GOSSYPIBOMA AND ITS IMPLICATIONS

JI Umunna 1,
PMCID: PMC4220479  PMID: 25453006

Abstract

Surgical materials are sometimes inadvertently left in the body after surgical operations. Cotton materials are the commonest objects forgotten. The implications for the patient and the surgeon are grave. The purpose of this presentation is to rekindle awareness of the phenomenon of gossypiboma, highlight the implications and stress prevention. Data were collected from hospital records which included their demographics, clinical features, management outcome and follow-up. Four cases of gossypiboma were found. Two had undergone caesarian section, one underwent pelvic floor repair for utero-vaginal prolapsed, and the fourth underwent transvesical prostatectomy. Their age, sex, causative operation and onset of symptoms, and salvage procedures were noted. Out of the 12304 surgical cases managed in our facility between November 1997 and December 2012, 4 (0.03%) cases of gossypiboma were recorded. Gauze extruded spontaneously from the abdominal scar in one patient who had undergone caesarian section. Intestinal obstruction occurred in another case of caesarian section and was relieved by intestinal resection and anastomosis. Also gauze extruded and was extracted from the urethra in the patient who underwent transvesical prostatectomy. Three (75%) patients survived while one (25%) died. We conclude that gossypiboma occurs most commonly after intra-abdominal operations. Women are at increased risk during obstetric and gynaecological operations, though both sexes are affected. The condition carries potentials for harm to the patient and medico-legal litigations.

Keywords: Precipitating surgery, Forgotten cotton material, Complications, Medico-legal issues

Introduction

Gossypiboma is a term used to denote a mass of cotton material,usually, gauze, sponges and towels, inadvertently left in the body cavity at the end of a surgical operation1,2. The word, gossypiboma, derives from two sources: the Latin word “gossypium” meaning textile or cotton, and the Swahili word “boma” meaning place of concealment3. Other terms used include textiloma and gauzoma1,4. Gossypiboma was first described by Wilson in 1881,5.

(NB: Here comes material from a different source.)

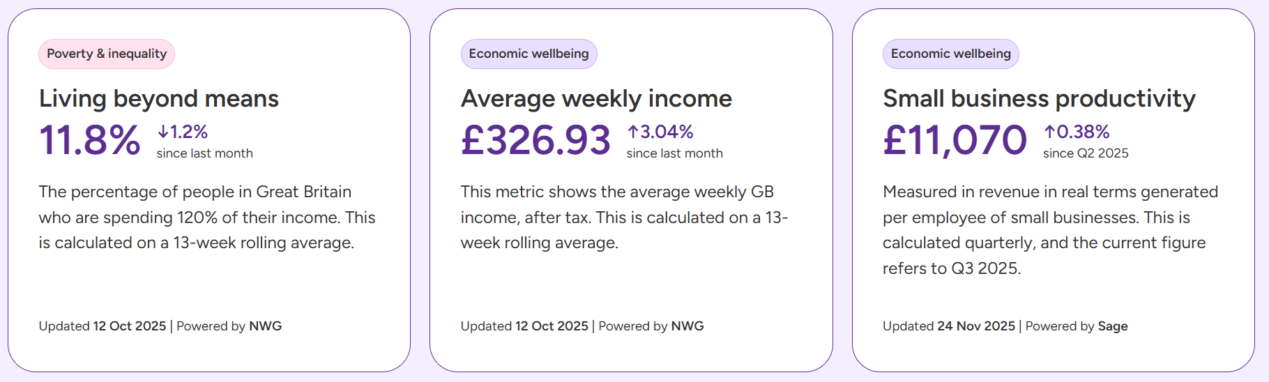 This indicator measures average GB weekly income, based on a 13-week rolling average to 12th October 2025.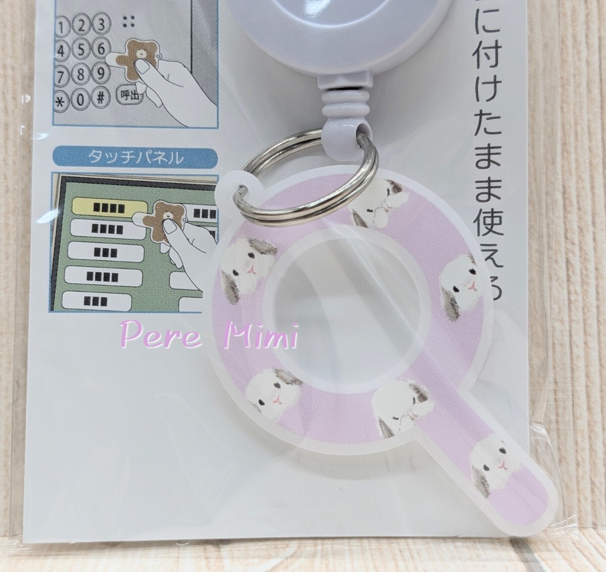 こちらはマンション入口、エレベーターやタッチパネルなど公共スペースのボタンを直接触れずにタッチできる[タッチレスマスコット]リール付きで最大61cmまで伸びるのでカバンに付けたまま使えます。

Other surgical materials may similarly be forgotten in the body, such as artery forceps, pieces of broken instruments or irrigation sets, scissors, needles and rubber materials4,6,7 but textile materials are the most commonly forgotten4,8. Gossypiboma can occur after virtually any type of operation: it has been reported after intrathoracic9, orthopaedic, intraspinal and neurological operations10 as well as breast surgery 11 , but the most common is after intra-abdominal or pelvic surgery1. Kaiser found 55% retained sponges after abdominal surgery and 16% after vaginal delivery 12.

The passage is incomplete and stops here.